[[ GIVEN ENTRIES open ]]

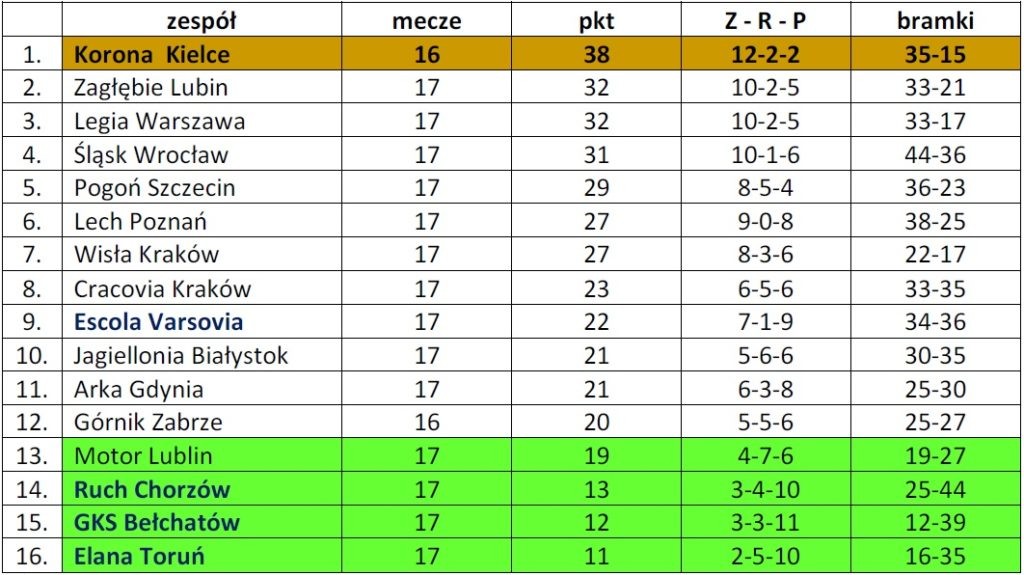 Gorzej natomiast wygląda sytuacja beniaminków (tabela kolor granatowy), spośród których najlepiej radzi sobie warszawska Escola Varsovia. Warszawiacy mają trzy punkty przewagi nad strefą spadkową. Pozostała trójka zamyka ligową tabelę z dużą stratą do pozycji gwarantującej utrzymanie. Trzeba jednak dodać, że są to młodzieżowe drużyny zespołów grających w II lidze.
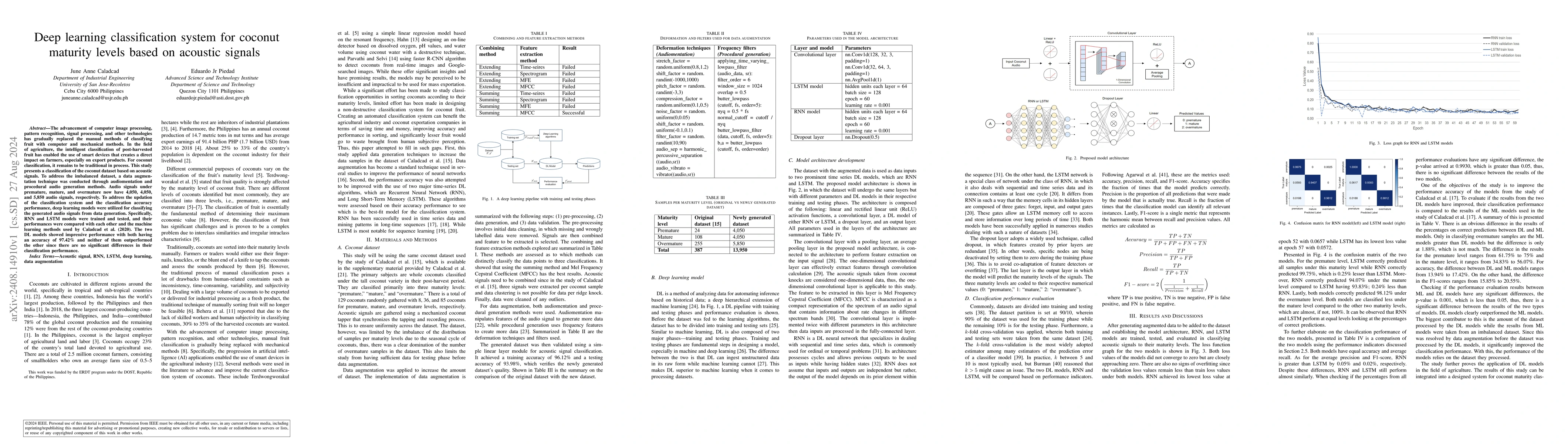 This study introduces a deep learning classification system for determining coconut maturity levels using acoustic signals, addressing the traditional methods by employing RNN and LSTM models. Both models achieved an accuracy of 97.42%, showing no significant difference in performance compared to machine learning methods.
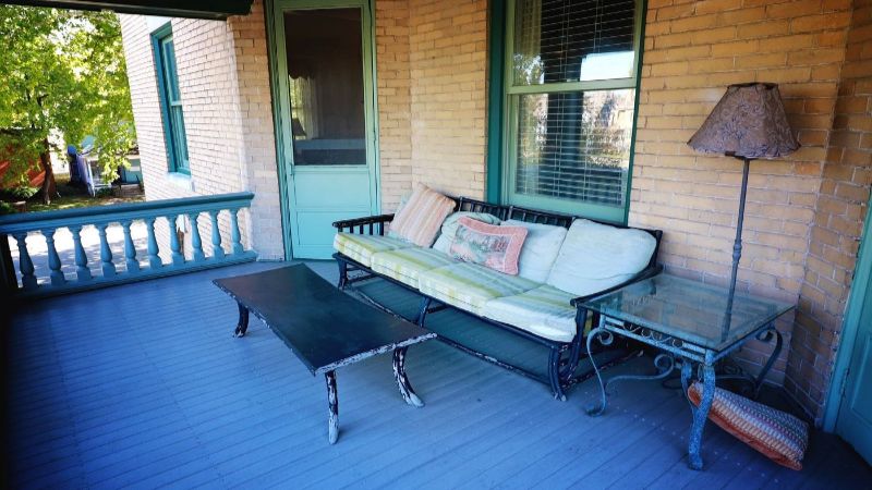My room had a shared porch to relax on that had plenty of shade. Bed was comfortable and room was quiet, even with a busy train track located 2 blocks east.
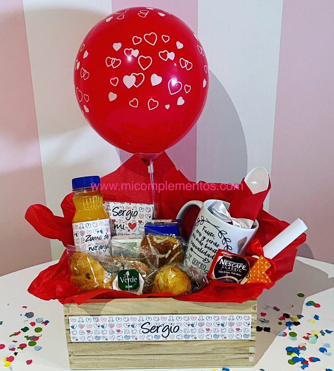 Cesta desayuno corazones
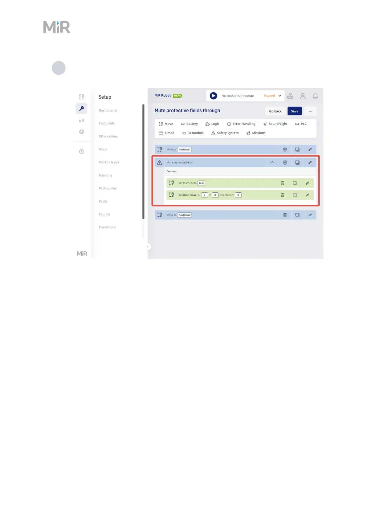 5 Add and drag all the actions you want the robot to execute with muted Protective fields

[[ GIVEN ENTRIES closed ]]
[[ GIVEN ENTRIES open ]]

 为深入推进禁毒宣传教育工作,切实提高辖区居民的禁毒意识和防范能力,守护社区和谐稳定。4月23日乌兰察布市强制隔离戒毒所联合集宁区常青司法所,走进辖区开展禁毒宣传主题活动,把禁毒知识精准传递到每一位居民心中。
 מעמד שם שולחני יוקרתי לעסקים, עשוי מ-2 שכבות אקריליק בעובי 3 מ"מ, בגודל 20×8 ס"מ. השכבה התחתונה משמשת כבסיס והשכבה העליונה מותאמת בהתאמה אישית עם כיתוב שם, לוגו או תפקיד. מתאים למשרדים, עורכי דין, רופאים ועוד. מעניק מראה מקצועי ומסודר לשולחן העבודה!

[[ GIVEN ENTRIES closed ]]
[[ GIVEN ENTRIES open ]]

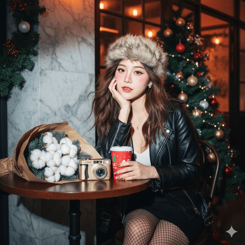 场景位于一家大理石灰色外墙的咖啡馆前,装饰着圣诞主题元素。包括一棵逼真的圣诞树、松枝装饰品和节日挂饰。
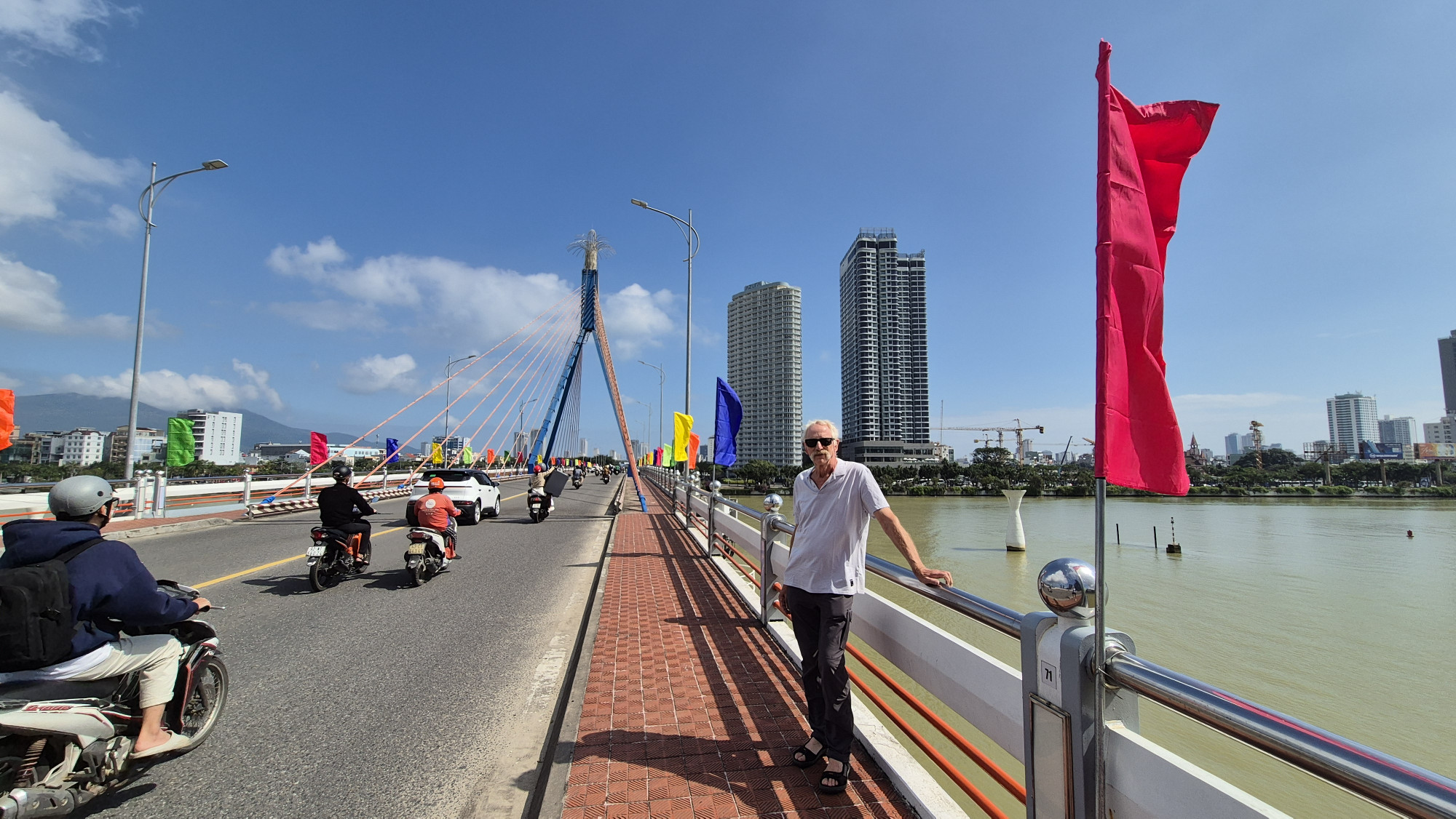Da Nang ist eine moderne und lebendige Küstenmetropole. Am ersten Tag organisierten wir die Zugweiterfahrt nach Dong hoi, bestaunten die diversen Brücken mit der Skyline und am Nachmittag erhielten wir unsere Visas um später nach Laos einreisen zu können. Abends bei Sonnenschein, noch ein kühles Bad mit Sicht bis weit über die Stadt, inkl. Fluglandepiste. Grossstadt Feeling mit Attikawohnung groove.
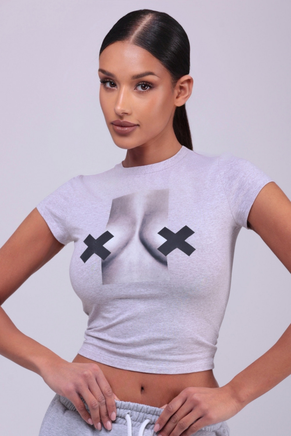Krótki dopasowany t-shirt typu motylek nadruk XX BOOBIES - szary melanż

[[ GIVEN ENTRIES closed ]]

In the listing above, find the line with "Cesta desayuno corazones" and the line with "5 Add and drag". Set down both and every line between them, minus the pictures.

> EXERCISE SOLUTION:
 Cesta desayuno corazones
 5 Add and drag all the actions you want the robot to execute with muted Protective fields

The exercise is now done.